En l’espèce, reprenant in extenso le dispositif de ses écritures au fond et récapitulatives, transmises par RPVA le 07 février 2025, Monsieur [P] [C] demande au juge aux affaires familiales :
- à titre principal : de transférer la résidence d’[F] à son domicile ;
- à titre subsidiaire : si cette résidence devait être maintenue au domicile maternel, de lui accorder un droit de visite et d’hébergement en fin de semaine et pendant les vacances scolaires et de maintenir à 100.00 euros par mois le montant de sa contribution à l’entretien et l’éducation de l’enfant.
Ses demandes au fond et à titre provisoire ont par conséquent un objet identique. Elles ne sont pas nouvelles puisqu’il les formule depuis février 2024 sans avoir lié incident au visa d’un élément nouveau.
Il en sera en conséquence débouté.
- sur les suites de la procédure
Aux termes de l’article 781 du code de procédure civile, le juge de la mise en état fixe, au fur et à mesure, les délais nécessaires à l'instruction de l'affaire, eu égard à la nature, à l'urgence et à la complexité de celle-ci, et après avoir provoqué l'avis des avocats. Il peut accorder des prorogations de délai. Il peut, après avoir recueilli l'avis des avocats, fixer un calendrier de la mise en état. Le calendrier comporte le nombre prévisible et la date des échanges de conclusions, la date de la clôture, celle des débats et, par dérogation aux premier et deuxième alinéas de l'article 450, celle du prononcé de la décision.
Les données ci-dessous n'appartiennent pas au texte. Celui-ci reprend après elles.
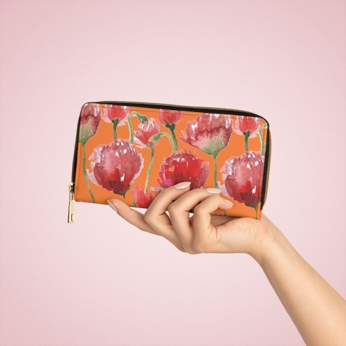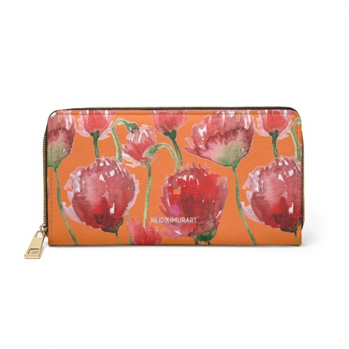 Orange Red Tulips Zipper Wallet, Red Tulips Flower Print Best Long Compact Wallet For Women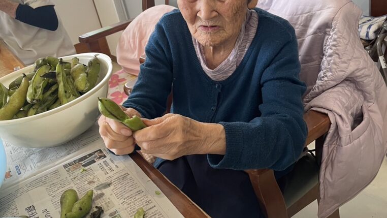 スタッフブログ令和7年5月20日 グループホームたかき そら豆皮むき大会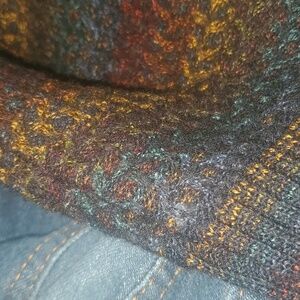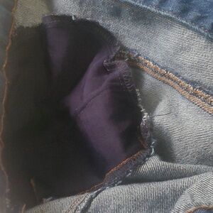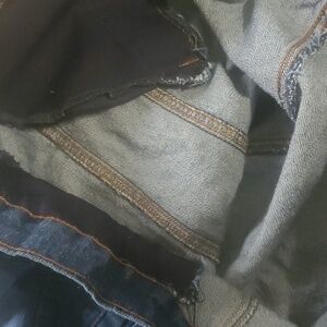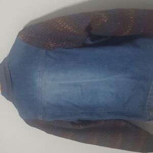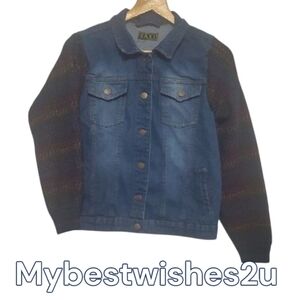 Taxi Jacket blue Denim black sleeves with colorul knit Fabric Sleeves can be a little fuzzy in places still in great condition though Womens Size x-large ? NO SIZE TAG guessing XL ?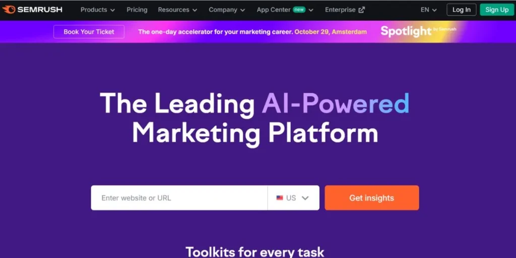 Semrush is a close rival of Ahrefs and a one-stop platform of digital- marketing tools that covers more than just SEO but extends to PPC, social media and content marketing. Its set of tools and bigger database is larger, thus numerous users prefer it to Ahrefs alternatives.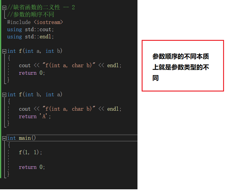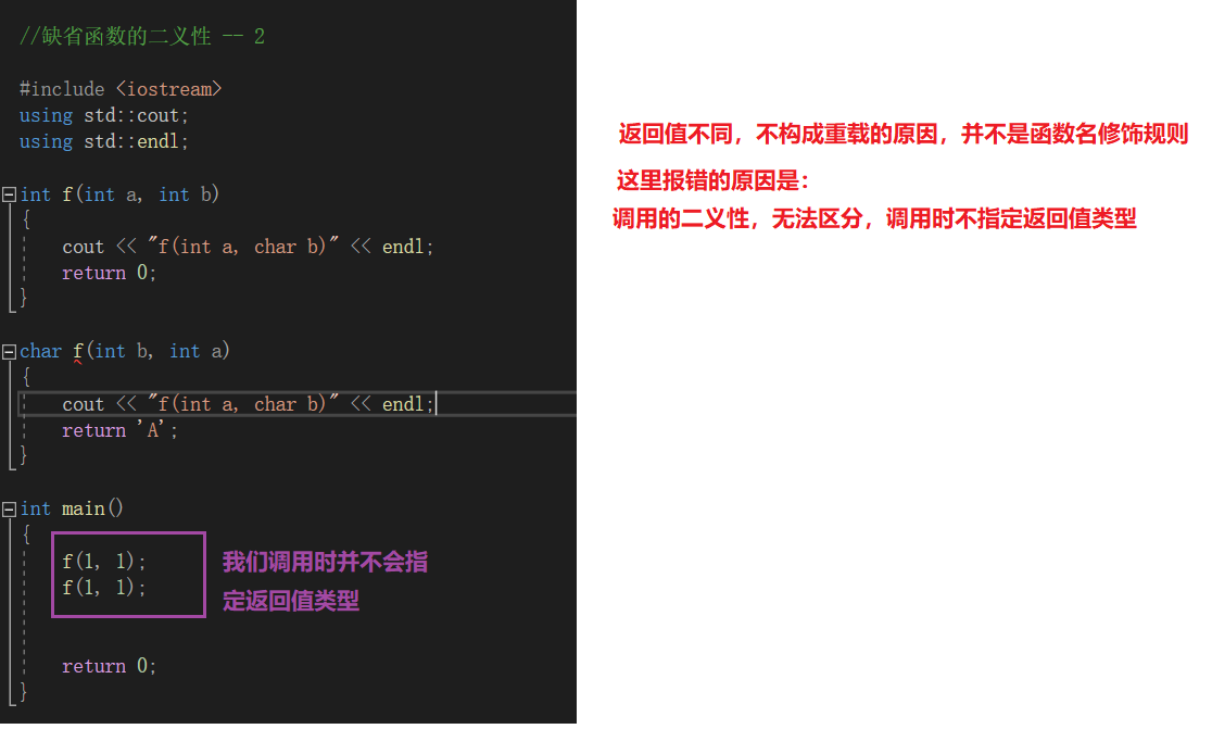//f(); 在前面存在的前提下,直接调用f()会报错 -- 二义性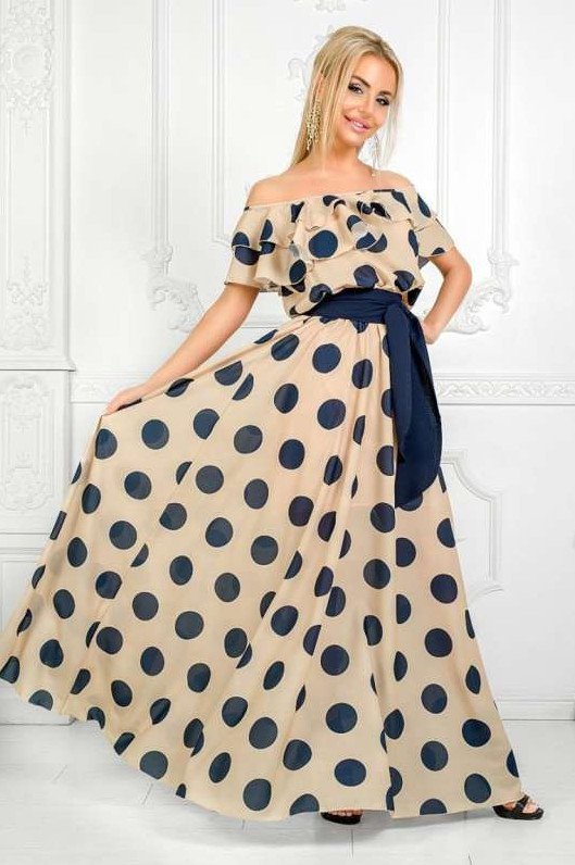 Бежевое платье в горошек.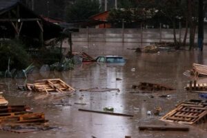 Foto del viernes de un auto en una zona inundada

Les délais fixés dans le calendrier de la mise en état ne peuvent être prorogés qu'en cas de cause grave et dûment justifiée.
En l’espèce, la procédure de divorce a été engagée par assignation du 16 juillet 2021.
Monsieur [P] [C] a conclu sur le fondement du divorce et sur ses conséquences par conclusions transmises le 07 février 2024.
Madame [I] [W] a changé de conseil en octobre 2024 après avoir conclu sur le fondement du divorce et sur ses conséquences. Elle a disposé à ce jour de plus d’un an pour répondre aux dernières écritures de Monsieur [P] [C] et a choisi un nouveau conseil il y a plus de six mois.
La question de la fixation de la résidence d’[F] et du droit de visite et d’hébergement du parent non hébergeant peut être tranchée avec le divorce et relève d’ailleurs de la compétenec du juge aux affaires familiales.
Il convient en conséquence de convoquer les conseils de parties pour l’audience du 05 juin 2025 à 11h (audience de mise en état) pour mise en place d’un calendrier de mise en état en vue du prononcé du divorce.
Sur les dépens
Les dépens de l’incident suivront ceux du fond de l’instance.
Dispositif
PAR CES MOTIFS
Nous, juge de la mise en état, statuant en premier ressort par décision contradictoire,
DEBOUTONS Madame [I] [W] et Monsieur [P] [C] de toutes leurs demandes, fins et conclusions ;
INVITONS les conseils des parties à se présenter à l’audience du 05 juin 2025 à 11h (bureau 318) pour mise en place d’un calendrier de mise en état en vue du prononcé du divorce ;
RESERVONS les dépens.
AINSI JUGÉ ET PRONONCÉ PAR MISE A DISPOSITION AU GREFFE DE LA JURIDICTION LE QUATORZE MAI DEUX MILLE VINGT- CINQ, LES PARTIES EN AYANT ÉTÉ AVISÉES CONFORMÉMENT A L’ARTICLE 450 DU CODE DE PROCÉDURE CIVILE.